Dataset content:

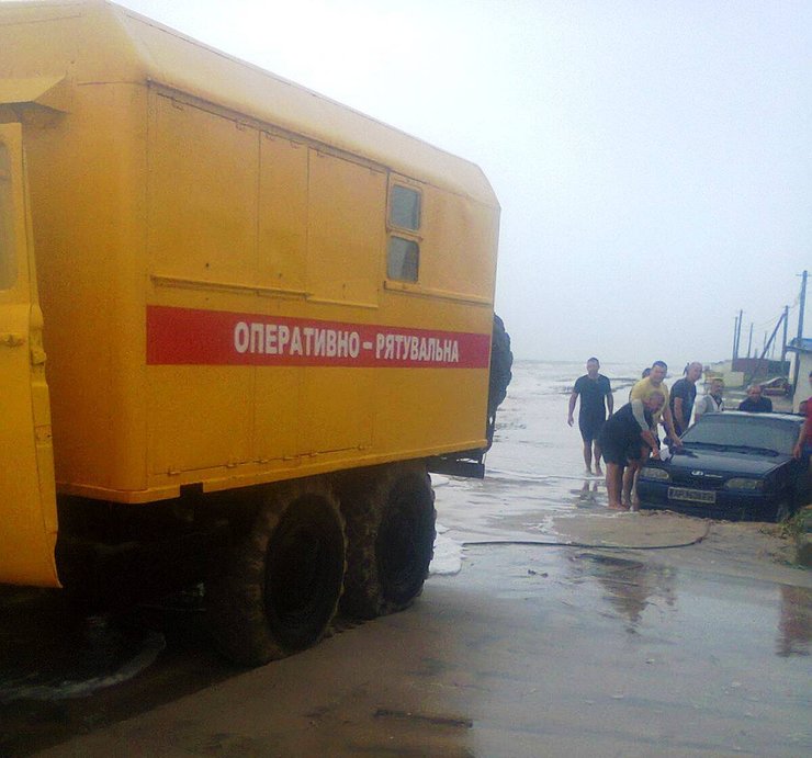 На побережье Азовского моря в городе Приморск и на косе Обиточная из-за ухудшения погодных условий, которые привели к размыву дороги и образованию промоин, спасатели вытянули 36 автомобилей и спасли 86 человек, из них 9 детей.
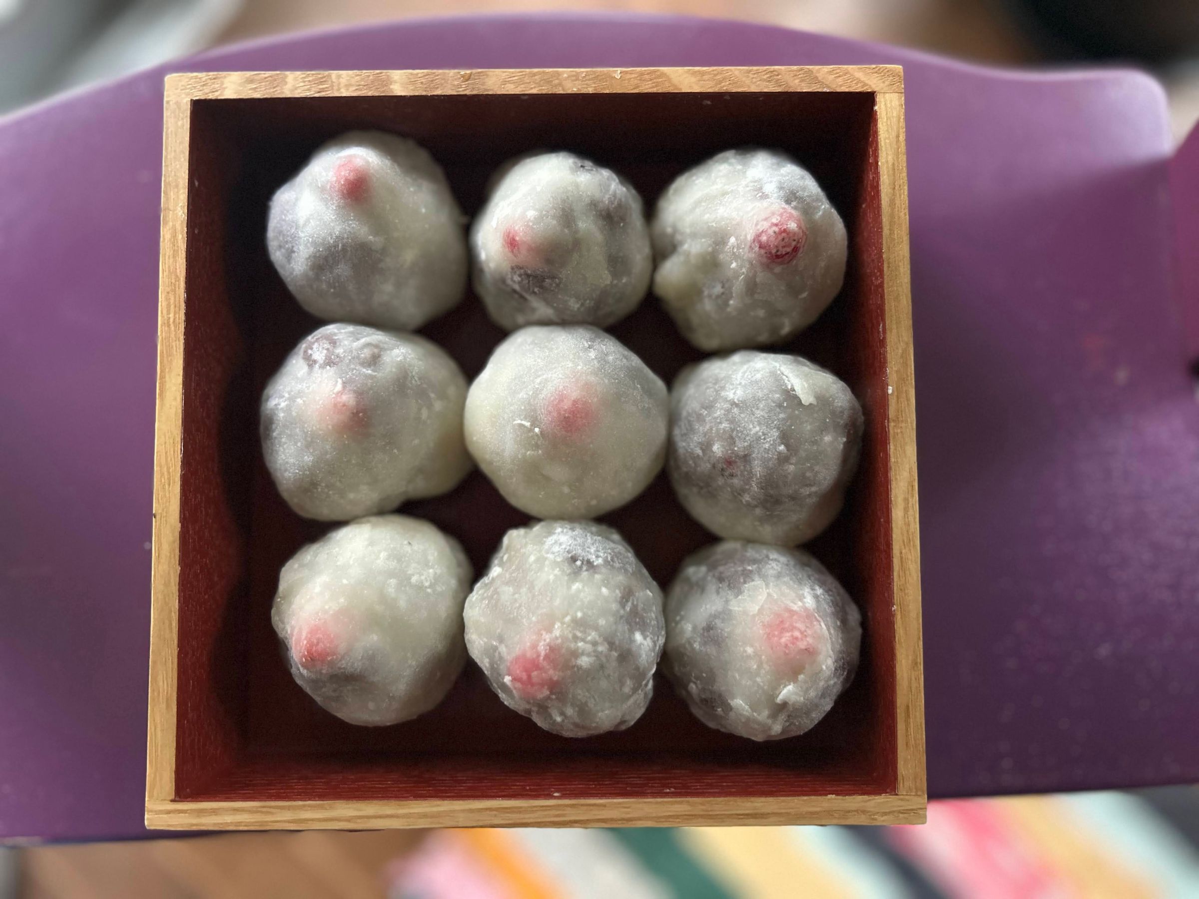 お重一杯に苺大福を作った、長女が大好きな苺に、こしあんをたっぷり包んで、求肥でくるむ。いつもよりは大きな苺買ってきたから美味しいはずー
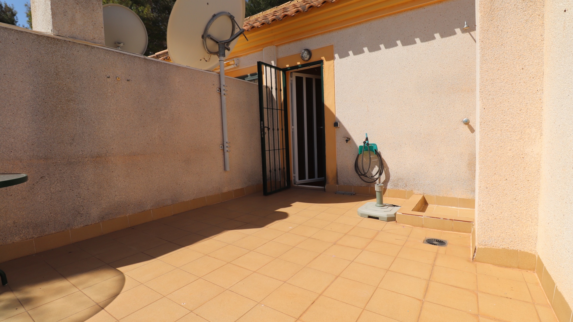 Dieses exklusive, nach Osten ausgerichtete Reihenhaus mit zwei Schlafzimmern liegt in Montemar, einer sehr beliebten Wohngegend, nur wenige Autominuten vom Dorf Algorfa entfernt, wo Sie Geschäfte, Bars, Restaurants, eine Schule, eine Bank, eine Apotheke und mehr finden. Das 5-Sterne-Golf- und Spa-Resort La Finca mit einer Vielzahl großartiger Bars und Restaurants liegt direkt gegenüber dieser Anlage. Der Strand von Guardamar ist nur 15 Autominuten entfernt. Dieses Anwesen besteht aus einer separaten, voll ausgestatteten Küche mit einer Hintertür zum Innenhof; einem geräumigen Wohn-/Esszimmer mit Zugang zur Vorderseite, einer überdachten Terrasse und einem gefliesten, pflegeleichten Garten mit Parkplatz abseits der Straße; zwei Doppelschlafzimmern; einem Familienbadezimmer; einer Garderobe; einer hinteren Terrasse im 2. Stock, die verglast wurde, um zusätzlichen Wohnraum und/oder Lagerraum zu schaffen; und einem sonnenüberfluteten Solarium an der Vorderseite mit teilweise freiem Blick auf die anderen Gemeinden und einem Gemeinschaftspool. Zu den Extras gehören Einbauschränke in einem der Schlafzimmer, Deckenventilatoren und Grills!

...

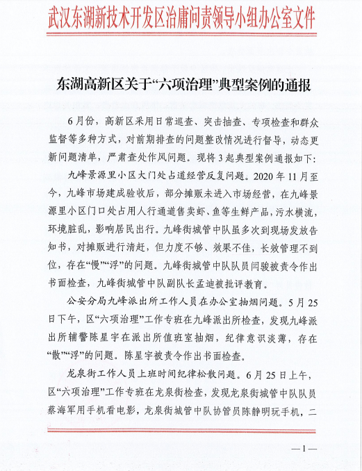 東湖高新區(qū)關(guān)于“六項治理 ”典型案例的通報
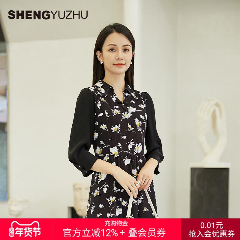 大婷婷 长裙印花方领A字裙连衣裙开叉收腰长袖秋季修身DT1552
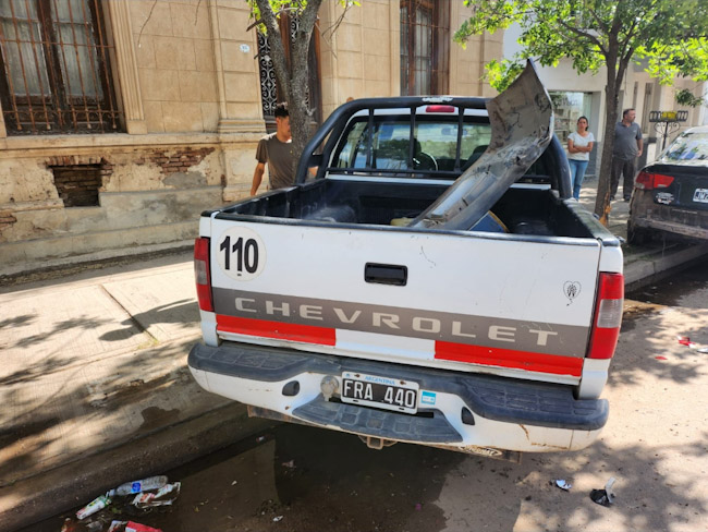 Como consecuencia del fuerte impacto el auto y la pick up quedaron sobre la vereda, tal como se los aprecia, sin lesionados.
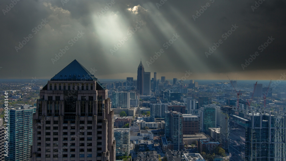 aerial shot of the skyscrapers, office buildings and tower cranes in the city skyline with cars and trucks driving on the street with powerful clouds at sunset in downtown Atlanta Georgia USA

* * *

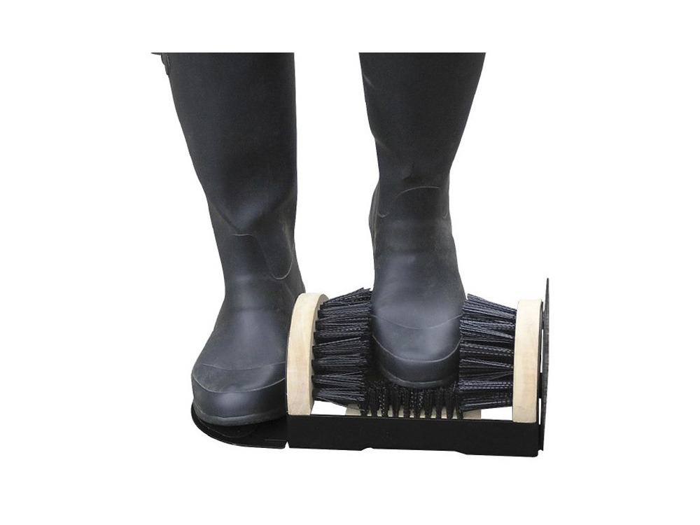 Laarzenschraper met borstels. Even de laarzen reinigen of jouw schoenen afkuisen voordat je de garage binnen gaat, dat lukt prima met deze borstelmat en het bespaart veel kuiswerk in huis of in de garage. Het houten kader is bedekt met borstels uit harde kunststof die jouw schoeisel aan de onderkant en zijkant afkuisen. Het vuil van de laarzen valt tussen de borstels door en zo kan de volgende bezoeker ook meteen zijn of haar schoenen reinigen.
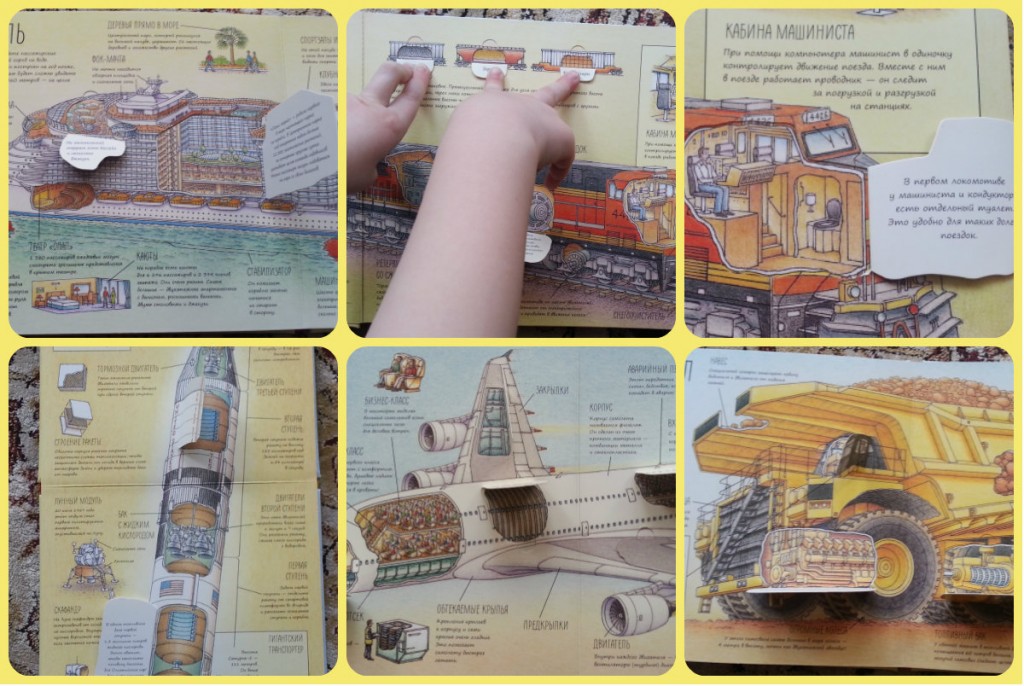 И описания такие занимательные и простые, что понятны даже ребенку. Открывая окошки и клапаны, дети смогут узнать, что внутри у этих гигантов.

What to produce: All that should appear in the answer is the lines above from the line with "大婷婷 长裙印花方领A字裙连衣裙开叉收腰长袖秋季修身DT1552" through the line with "aerial shot of", retyped exactly, pictures left out.

Solved exercise:
 大婷婷 长裙印花方领A字裙连衣裙开叉收腰长袖秋季修身DT1552
 Como consecuencia del fuerte impacto el auto y la pick up quedaron sobre la vereda, tal como se los aprecia, sin lesionados.
 aerial shot of the skyscrapers, office buildings and tower cranes in the city skyline with cars and trucks driving on the street with powerful clouds at sunset in downtown Atlanta Georgia USA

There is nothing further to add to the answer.